Quattro storie emblematiche
di fragilità maschile

Storia di Igor

«Baciare un uomo»

Igor ha diciassette anni. Vive fuori casa da quando ne aveva quindici. Sta da una zia, sorella della madre, alla quale è morto un figlio della stessa età. La zia tollera ogni atteggiamento ribelle del ragazzo: il corpo pieno di tatuaggi, i piercing che gli trapassano il naso, l’arcata sopraccigliare, l’ombelico, la lingua; i capelli rasati a zero che finiscono in un lungo codino annodato con un elastico di strass; gli abiti stracciati e sporchi; l’igiene inesistente, le uscite notturne, le troppe birre, le canne, le rabbie incontenibili, la distruttività e la pericolosità di molte sue azioni. La zia ama Igor di un amore caritatevole, rassegnato, paziente. Igor è il «sostituto del figlio morto» che, per restare con lei, le procura molti dolori, molte paure, molte ansie. Ma è vivo!
Se la zia non ci fosse, del resto, nessuno si prenderebbe veramente cura di Igor. La madre, infatti, ha abdicato al suo ruolo. Quel figlio non le calza. È un esperimento mal riuscito frutto di un esperimento amoroso mal riuscito. Igor non ha padre. È un ragazzo senza legge, che non ha potuto interiorizzare nessuna legge. Le regole che accetta sono quelle partorite dal limite, spesso estremo, delle sue quotidiane esperienze. Igor, per crescere se stesso, si misura col mondo come un barbaro, come un primitivo. Igor, guerriero metropolitano, vuole ottenere tutto e subito. Non ha tempo davanti a sé. Predilige l’emergenza perché può scaricare tutta la sua rabbia, la sua paura, la sua ansia; tutto il suo bisogno di sciogliere nell’immediato i problemi, le difficoltà, i dubbi, le scelte che gli si presentano.

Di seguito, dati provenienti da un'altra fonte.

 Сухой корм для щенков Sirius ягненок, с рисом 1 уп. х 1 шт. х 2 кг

Le sue armi di barbaro sono, però, quelle della più avanzata tecnologia: Internet, telefonini, computer, videogiochi. Sono «bacchette magiche» con le quali Igor cerca di addomesticare il quotidiano e gli altri alle sue soluzioni di vita. Il suo soprannome è Drago che usa come nickname quando «chatta». Nel territorio virtuale Igor cerca contatti. Naviga per incontrare «qualcuno»: un tiranno, un despota, un delinquente che gli somigli. O un santo, un poeta, un ragazzo come lui: se stesso o suo padre. «Un maschio da baciare» per diventare, insieme, due ranocchi o due principi.

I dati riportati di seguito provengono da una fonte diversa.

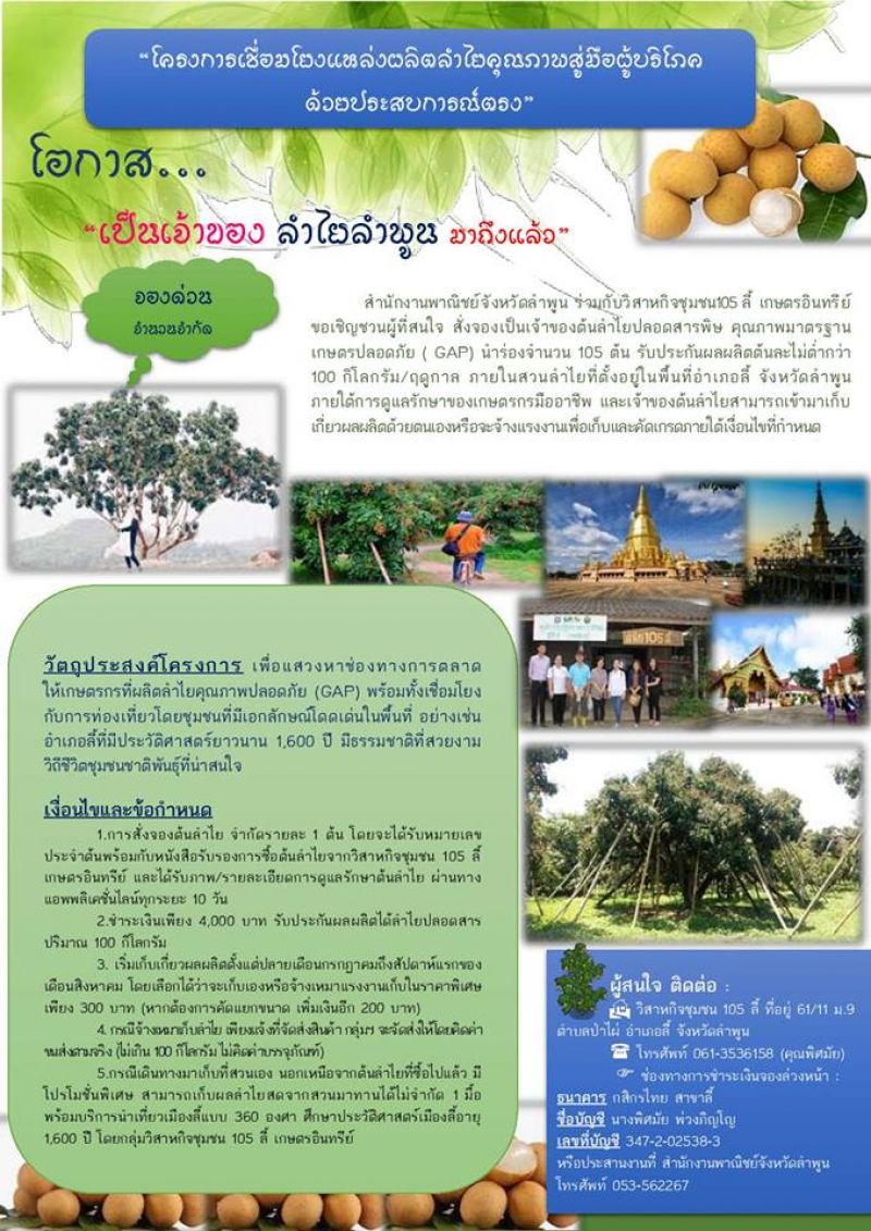 สำนักงานพาณิชย์จังหวัดลำพูน ร่วมกับวิสาหกิจชุมชน105 ลี้ เกษตรอินทรีย์ ขอเชิญชวนผู้ที่สนใจ สั่งจองเป็นเจ้าของต้นลำไยปลอดสารพิษ คุณภาพมาตรฐานเกษตรปลอดภัย ( GAP) รับประกันผลผลิตต้นละไม่ต่ำกว่า 100 กิโลกรัม/ฤดูกาล ภายในสวนลำไยที่ตั้งอยู่ในพื้นที่อำเภอลี้ จังหวัดลำพูน ภายใต้การดูแลรักษาของเกษตรกรมืออาชีพ และเจ้าของต้นลำไยสามารถเข้ามาเก็บเกี่ยวผลผลิตด้วยตนเองหรือจะจ้างแรงงานเพื่อเก็บและคัดเกรดภายใต้เงื่อนไขที่กำหนด

Per Igor, spacciare fumo è un espediente che rimpingua il fondo-cassa alimentato dalla zia. Per Igor spinellarsi, bere birra fino a stordirsi, fino a dimenticare il tempo, vomitare l’anima, pisciare sui muri bestemmiando alla luna e, poi, prendere la moto e andare al mare, soprattutto d’inverno, per stare davanti a quell’oscuro movimento d’acqua, in silenzio, fino all’alba, nel freddo, è un atto di liberatoria pienezza. Gli sembra di poter rientrare nel grembo della vita, nell’estasi oceanica dell’inizio, e di trovare, finalmente, pace in lei, come un tempo, forse come prima di nascere.

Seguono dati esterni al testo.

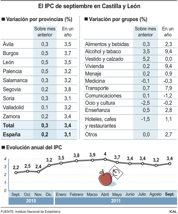 Los precios subieron en Segovia en el mes de septiembre un 0,2 por ciento respecto a agosto, lo que supone una décima menos que la anotada en Castilla y León, que experimenta un incremento del 0,3%. En lo que va del año el incremento acumulado es en Segovia del 1,2%, y variación interanual la del 3,8% siendo la provincia de la Comunidad que mayor aumento ha registrado. La tasa interanual de Castilla y León se mantiene en el 3,4 por ciento en la Comunidad, tres décimas por encima de la nacional, según los datos del Instituto Nacional de Estadística. Sin embargo, en lo que va de año, los precios aumentaron en la autonomía un 1,2 por ciento, mientras a nivel nacional la subida fue dos décimas inferior.

A volte Igor fa anche il bagno in mare, nonostante la temperatura e la solitudine. Un battesimo notturno del quale ha bisogno; un rito di beneaugurante iniziazione per poi tornare a combattere. Per Igor vivere non ha domani. È solamente uscire di casa ogni giorno, verso l’avventura del giorno e dell’intera notte.
Igor non perdona a sua madre l’incapacità di contenerlo che ha sempre dimostrato. Non le perdona di non aver saputo trattenere un uomo accanto a sé. E, soprattutto, non le perdona il dubbio che lei, con il suo comportamento, gli ha insinuato nella mente e nell’anima: di essere lui «sbagliato», di essere nato non atteso né cercato né ben voluto, e che il suo non esistere sarebbe stato, per lei, garanzia di una vita migliore.
Perciò Igor non avvicina le ragazze. Prova, nei loro confronti, un’irrefrenabile ostilità. Le sente aggressive, dominanti, indifferenti. Anche quelle che, nel gruppo, si vestono e si atteggiano come lui; anche quelle che si comportano in modo così poco femminile da essere una caricatura colorata, borchiata, tatuata, dei maschi. Sono, comunque, femmine e, perciò, incapaci di accoglierlo, di prestargli una vera attenzione.
Igor non si è mai innamorato né ha mai provato, nei confronti delle ragazze, un sentimento simile all’amicizia. Anzi, quando qualcuna si è innamorata di lui, l’ha trattata malissimo. A volte in modo perfino crudele, affinché si allontanasse. Subito.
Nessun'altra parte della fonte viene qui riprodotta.